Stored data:
◇ ◇ ◇ ◇ ◇ ◇ ◇
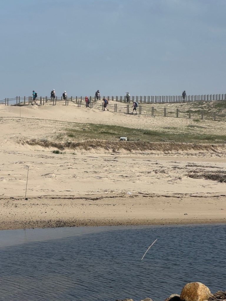 Hier hat der Wind ordentlich Strandsand rüber geweht. In kurzer Hose und Wanderschuhen hol ich mir immer Sand in die Hacken.
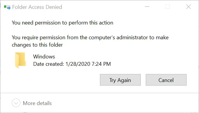 There is a problem with updating Illustrator using the Creative Cloud Desktop - the update fails with no diagnostics. So I tried to uninstall Illustrator completely. This appears to work, except that the folder C:\Program Files\Adobe\Adobe Illustrator 2020\Support Files\Contents\Windows does not get deleted. When I try to delete it manually, even when I sign on with administrative privilege, the attempt fails with a dialog box which says that I need permission to make changes to this folder (see screenshot below):
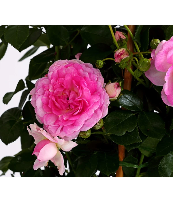 Diese Rosen wollen hochhinaus. Mit dieser Auswahl an robusten Kletterrosen ist für jeden Geschmack eine passende Sorte dabei, die Ihren Garten mit den großblumigen Blüten von Juni bis September verzaubern. Möchten Sie eine Rose in cremeweiß mit pinken Rand? Dann greifen Sie zur Sorte ‚Antike 89®‘. Lieben Sie Ihre Rosen in einem sattem Rot, dann ist die Sorte ‚Florentina®‘ genau richtig. Sie wird bis zu 3 Meter und wurde 2016 mit dem Prädikat ADR-Rose ausgezeichnet. Oder soll es etwas verspielter sein? So greifen Sie zur Rose ‚Moonlight®‘. Das klare Gelb der Blüte verwandelt sich im Laufe der Zeit in ein zartes Rosa und lässt so nie Langeweile am Blütenstrauch aufkommen. Unsere Auswahl hat aber ein klassisches Weiß zu bieten – dafür sorgt die bewährte Sorte ‚Ilse Kron Superior®‘, die zudem noch leicht duftet. Die letzte Sorte in dieser Reihe „robuste Kletterrosen“ ist die Rose Jasmina®‘. Eine ausgezeichnete ADR-Rose aus dem Jahr 2007, die neben ihrer enormen Wuchshöhe von bis zu 3 Metern einen süßlichen Apfelduft verbreitet, der an warmen Sonnentagen Ihren Garten in eine Wolke aus Roseduft hüllt.
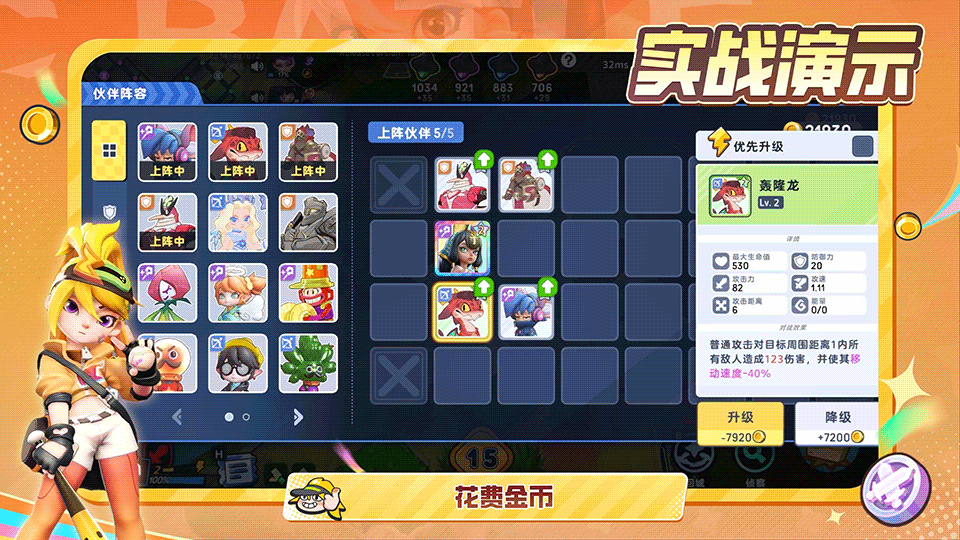 如果发现自己的阵容搭配不合理,可以点击伙伴阵容按钮,根据需要重新调整上阵的伙伴阵容,同时还能使用金币对伙伴进行升级。针对性地调整阵容和升级伙伴,提升整体的战力,能帮助你在对抗中占得先机。
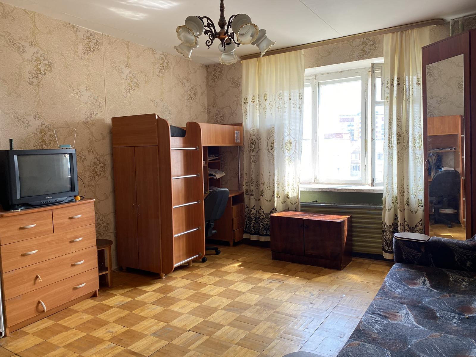 Квартира большая, светлая, но требует ремонта. Хороший вид их окна. Паркет на полу в комнате, застекленный балкон, пластиковые трубы. Остается кухонный гарнитур. В подъезде консьерж, новый лифт.
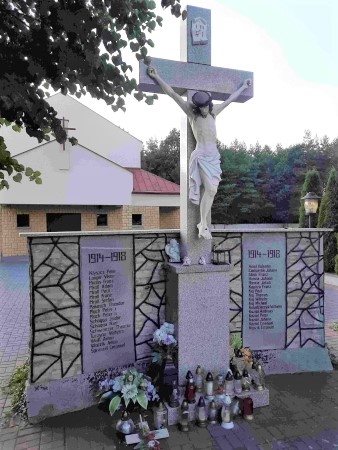 Denkmal für die Gefallenen des Ersten Weltkriegs: Wand mit zwei Namenstafeln und zentralem Kreuz mit Christusfigur.
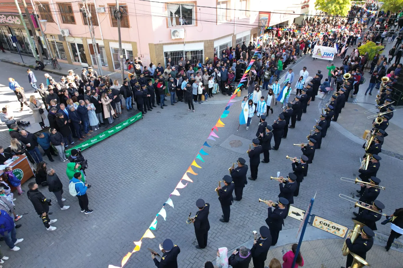 El intendente Marcos Castro inauguró el desfile y dijo: "Es realmente muy satisfactorio poder estar acá, viendo tanta gente celebrando nuestra historia y con cuestiones por reflexionar, sobre lo que somos, por lo que vivimos, y fundamentalmente por lo que queremos ser".
◇ ◇ ◇ ◇ ◇ ◇ ◇
Work instructions:
Nothing but the records, copied exactly and stripped of pictures, should be returned.

Finished task:
 Hier hat der Wind ordentlich Strandsand rüber geweht. In kurzer Hose und Wanderschuhen hol ich mir immer Sand in die Hacken.
 There is a problem with updating Illustrator using the Creative Cloud Desktop - the update fails with no diagnostics. So I tried to uninstall Illustrator completely. This appears to work, except that the folder C:\Program Files\Adobe\Adobe Illustrator 2020\Support Files\Contents\Windows does not get deleted. When I try to delete it manually, even when I sign on with administrative privilege, the attempt fails with a dialog box which says that I need permission to make changes to this folder (see screenshot below):
 Diese Rosen wollen hochhinaus. Mit dieser Auswahl an robusten Kletterrosen ist für jeden Geschmack eine passende Sorte dabei, die Ihren Garten mit den großblumigen Blüten von Juni bis September verzaubern. Möchten Sie eine Rose in cremeweiß mit pinken Rand? Dann greifen Sie zur Sorte ‚Antike 89®‘. Lieben Sie Ihre Rosen in einem sattem Rot, dann ist die Sorte ‚Florentina®‘ genau richtig. Sie wird bis zu 3 Meter und wurde 2016 mit dem Prädikat ADR-Rose ausgezeichnet. Oder soll es etwas verspielter sein? So greifen Sie zur Rose ‚Moonlight®‘. Das klare Gelb der Blüte verwandelt sich im Laufe der Zeit in ein zartes Rosa und lässt so nie Langeweile am Blütenstrauch aufkommen. Unsere Auswahl hat aber ein klassisches Weiß zu bieten – dafür sorgt die bewährte Sorte ‚Ilse Kron Superior®‘, die zudem noch leicht duftet. Die letzte Sorte in dieser Reihe „robuste Kletterrosen“ ist die Rose Jasmina®‘. Eine ausgezeichnete ADR-Rose aus dem Jahr 2007, die neben ihrer enormen Wuchshöhe von bis zu 3 Metern einen süßlichen Apfelduft verbreitet, der an warmen Sonnentagen Ihren Garten in eine Wolke aus Roseduft hüllt.
 如果发现自己的阵容搭配不合理,可以点击伙伴阵容按钮,根据需要重新调整上阵的伙伴阵容,同时还能使用金币对伙伴进行升级。针对性地调整阵容和升级伙伴,提升整体的战力,能帮助你在对抗中占得先机。
 Квартира большая, светлая, но требует ремонта. Хороший вид их окна. Паркет на полу в комнате, застекленный балкон, пластиковые трубы. Остается кухонный гарнитур. В подъезде консьерж, новый лифт.
 Denkmal für die Gefallenen des Ersten Weltkriegs: Wand mit zwei Namenstafeln und zentralem Kreuz mit Christusfigur.
 El intendente Marcos Castro inauguró el desfile y dijo: "Es realmente muy satisfactorio poder estar acá, viendo tanta gente celebrando nuestra historia y con cuestiones por reflexionar, sobre lo que somos, por lo que vivimos, y fundamentalmente por lo que queremos ser".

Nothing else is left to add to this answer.